In South Texas and Bexar County, chronic disease burdens are especially high, with obesity and diabetes standing out as major disparities. Limited access to affordable healthy food disproportionately affects Black and Hispanic residents, according to data from the 2025 University Health Community Health Needs Assessment.

Nutrition education in South Texas

Before joining UIW’s School of Osteopathic Medicine and steering the direction of their nutrition curriculum, Dr. Robert Slater studied diet interventions for residents experiencing food insecurity and chronic disease in the Lower Rio Grande Valley. 

The factors behind high rates of chronic disease in South Texas are complicated and intertwined with longstanding social inequities, Slater said. Diet, though still a challenge, is the lower hanging fruit.

“Nutrition education seemed to be out of anything … relatively easier to address,” Slater said. “Environment, socioeconomic status, access — certainly important, but it seemed like nutrition education might be something that could be modified [more easily].”

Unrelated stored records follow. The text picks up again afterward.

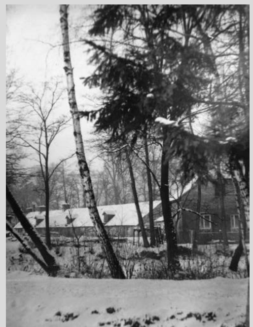
Zabudowania folwarku pijarskiego w Rakowicach.

Kurator wystawy o Rakowicach Muzeum Historyczne Miasta Krakowa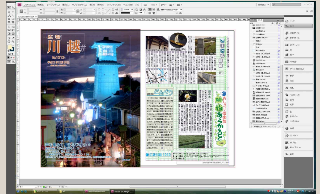
Windows Vista上で稼働するInDesign CS4。段落スタイルや表組の作成機能など、多くの機能が作業効率の向上に役立っているようだ

埼玉県川越市は、県の中央部のやや南部に位置し、34万人もの市民が生活する閑静な住宅街だ。近年は東京のベットタウンとして注目を浴びている川越だが、江戸時代には江戸の経済を支える物流の要所として重要な役割を担ってきた。江戸との縁が強く、その繋がりや反映ぶりから川越は“小江戸”とも呼ばれ、商人が行き交う賑やかなまちとして栄えてきた。今でも当時の面影を残す“蔵造り”の町並みが残されており、東京からわずか1時間ほどの立地条件の良さもあって、国内外から訪れる観光客でいつも賑わっている。そんな川越市の“現在”を伝える広報紙の制作現場でCreative Suite 4が活躍しているという。今回は川越市役所に訪問し、自治体が発行する広報紙の制作現場取材した。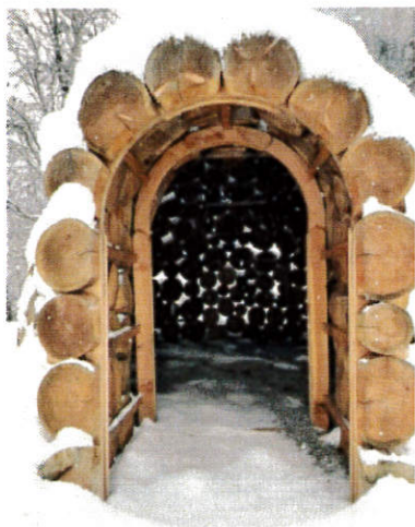
Igloo créé à la Maison du Bois en 2020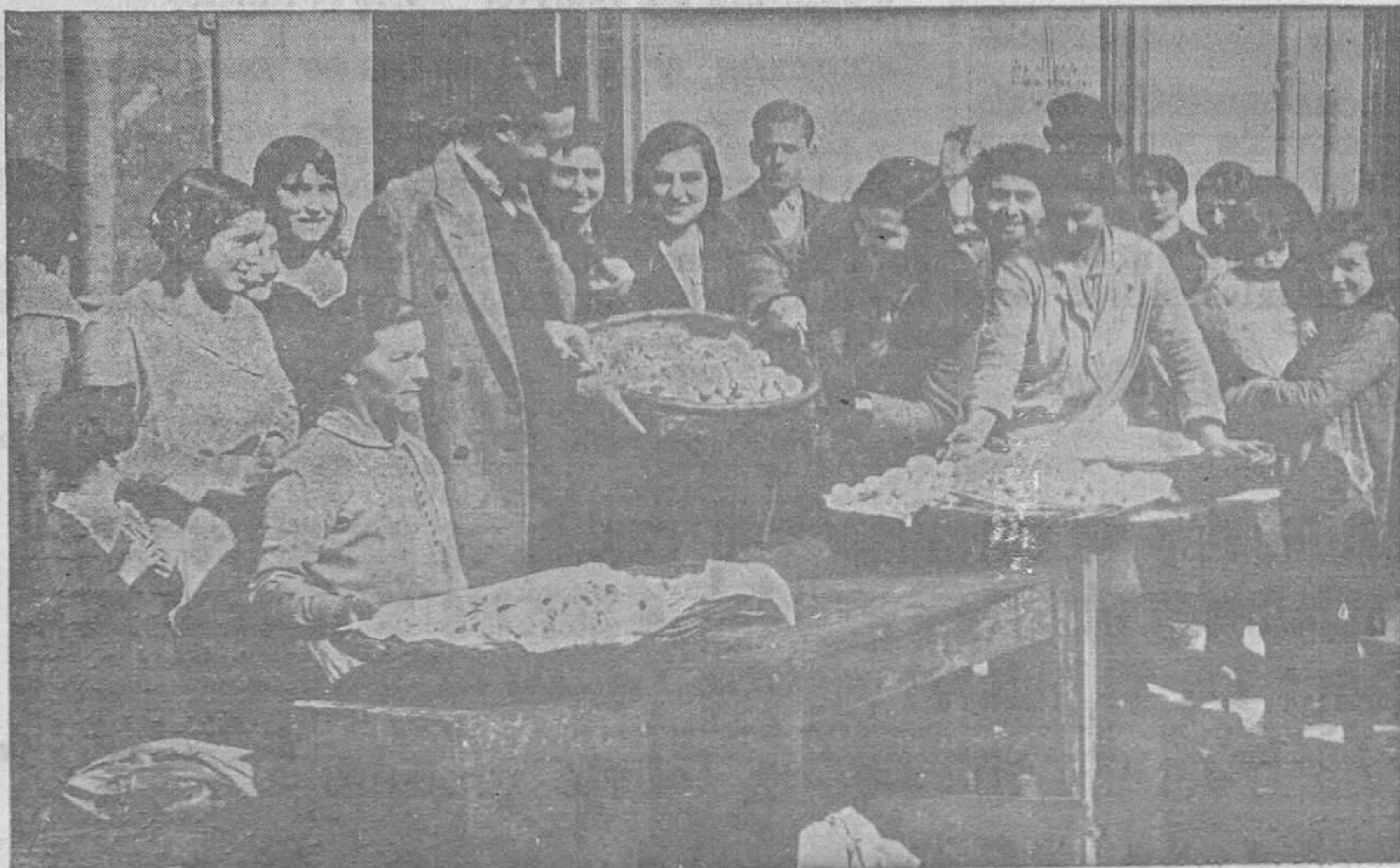
EL MARTES DE LOS HUEVOS EN LA POLA.—Es la fiesta tradicional, a la que presta su concurso Oviedo, como se lo prestó este año al acudir gran número de ovetenses, y que ayer se celebró en la villa hermosa con todas sus características de animación y brillantez.

Después del mítin, en el que el ilustre pensador estudiará la situación política, se celebrará un banquete en honor a los distinguidos oradores, para los que se despachan tarjetas en los Cafés Peñalba y Niza, Peluquería Calzón y Ferretería de la calle de San Francisco.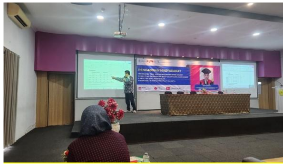
Gambar 3. Pemaparan Materi oleh Narasumber

penelitian pendidikan. Pada setiap sesi, narasumber tidak hanya menjelaskan konsep secara teoretis, tetapi juga memberikan demonstrasi penggunaan SPSS secara langsung sehingga peserta dapat mengikuti langkah-langkah analisis data secara praktik.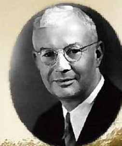
ウィリアム・マレル・ヴォーリス

ヴォーリス建築 再生プロジェクト 旧パーミリー邸 特別公開 10月31日(土)～11月1日(日) 10:00～17:00 会場/近江八幡市土田町819-7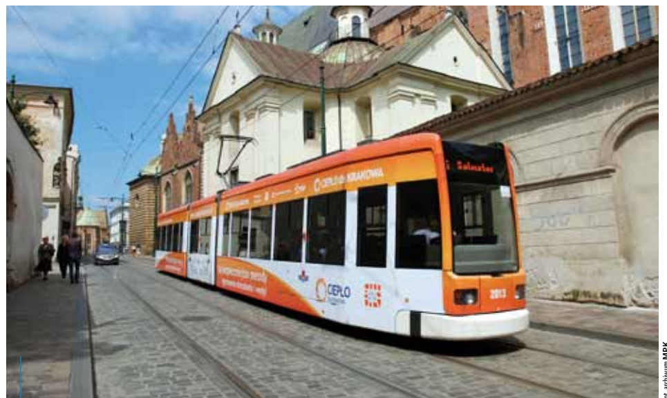
Dzięki reklamie na tramwaju bądź autobusie można dotrzeć do szerokiego grona odbiorców

*specjalista ds. reklamy w MPK SA w Krakowie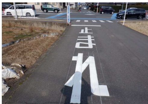
8. 古枝小学校 中村医院付近 「止まれ」の路面標示補修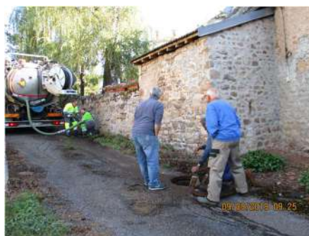
Prestation de travaux mutualisée à part égale entre propriétaire et commune

Sur 67 résidences habitées ( principales et secondaires ) de la commune 47 sont raccordées au réseau d'assainissement collectif communal soit 70 % des habitations représentant un potentiel de 88 habitants ( dont résidents secondaires ) qui bénéficient d'un retraitement collectif des eaux.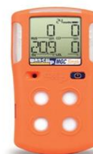
Détecteur de gaz (CO, H2O, SO2, NH3)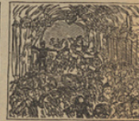
48 Valen un Potosí los diamantes encontrados en el Templo maorí.

Se halla de venta en la papelería y efectos de escritorio del Sucesor de Antonio Bosch, calle del Bou de la Plaza Nueva, 15.—Barcelona.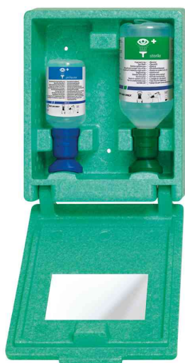
Station d'urgence oculaire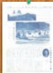
広報日の出新装発刊 昭和43年2月(20号)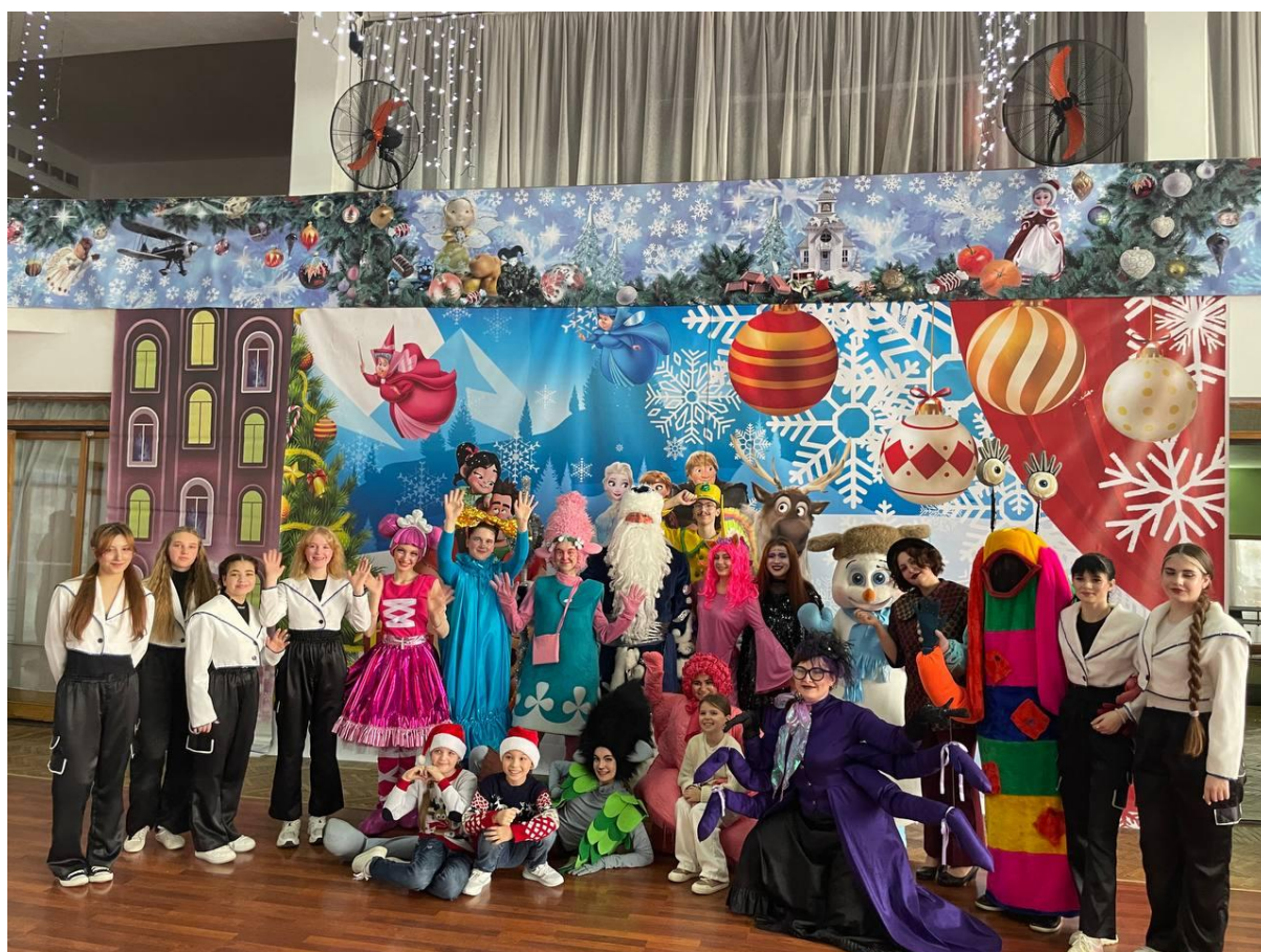
Професійна самореалізація фахівців зі сценічного мистецтва Миколаївщини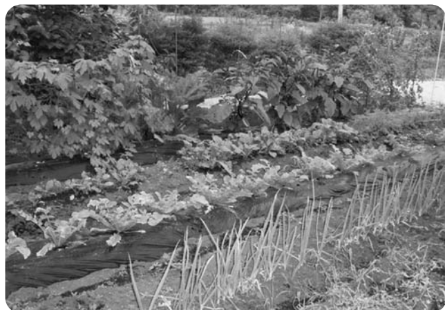
3分の1に縮小して再スタートした「ひばり畑」(2008年7月)

うりずんの開設に伴い、畑を減らして屋根つき降車場と、スタッフの駐車場を整備する必要がありました。「手入れができないなら、やめてはどうか」という意見もありましたが、作物とのふれあいの時間はなん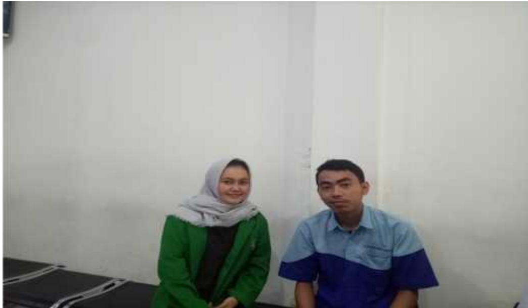
5. Foto bersama Nasabah PT. Bank Rakyat Indonesia (persero) Tbk. Unit Batua Raya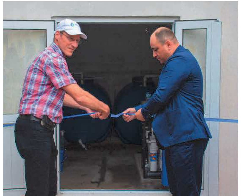
Cérémonie d'inauguration avec la coupure du ruban

Because osteopathic schools generally focus more on primary care, family medicine, internal medicine and pediatrics, Slater was able to make nutrition a staple of the school curriculum instead of an afterthought. 

Students already get close to the 40-hour minimum in their first two years in training, Slater said, when students spend the most time in the classroom before doing clinical rotations in their final years of schooling. 

The nutrition curriculum starts with the basics, understanding macronutrients, differences between healthy and not-so-healthy fats, metabolism, vitamins and nutrients, the gut microbiome. From there students will also learn more clinical applications, like understanding and communicating with patients to understand where they are and what makes sense for them. 

Cultural competency is especially important in San Antonio and South Texas, Pham said, an area of their nutrition curriculum the school is aiming to develop more. 

Simply recommending that patients eat a Mediterranean-style diet, higher in healthy fats, whole grains and vegetables, is not going to move the needle in San Antonio, where 65% of residents are Hispanic.

“Students are always teasing about the Mediterranean diet. They joke about it,” Pham said. “America’s a melting pot. You cannot think your one way. That’s insulting to the culture.”

Instead, Slater explained, the goal is to advise moderation, as well as replacing certain foods with healthier alternatives — picking whole grain tortillas or brown rice over white, for example. He added that Latin American cuisine is also rich in plenty of healthy foods, beans, avocado and plenty of fruits and vegetables, for example.

Faculty at UIW’s osteopathic school are still evaluating how many total hours students are currently getting in nutrition education and where the curriculum has room to grow, especially for students in their third and fourth years. 

HHS won’t dictate the curriculum itself, just competency metrics for medical students to achieve, based on consensus guidelines published in JAMA.

A formal announcement from HHS of the second cohort of schools, which includes UIW’s School of Osteopathic Medicine, is forthcoming, Pham said.

Participating schools are required to hit the 40-hour minimum or competency equivalent starting in the fall.

“I’m really optimistic,” Slater said. “I think it’d be quite approachable for us to get to 100 hours within the next couple of years. There’s quite a bit of room for expansion.”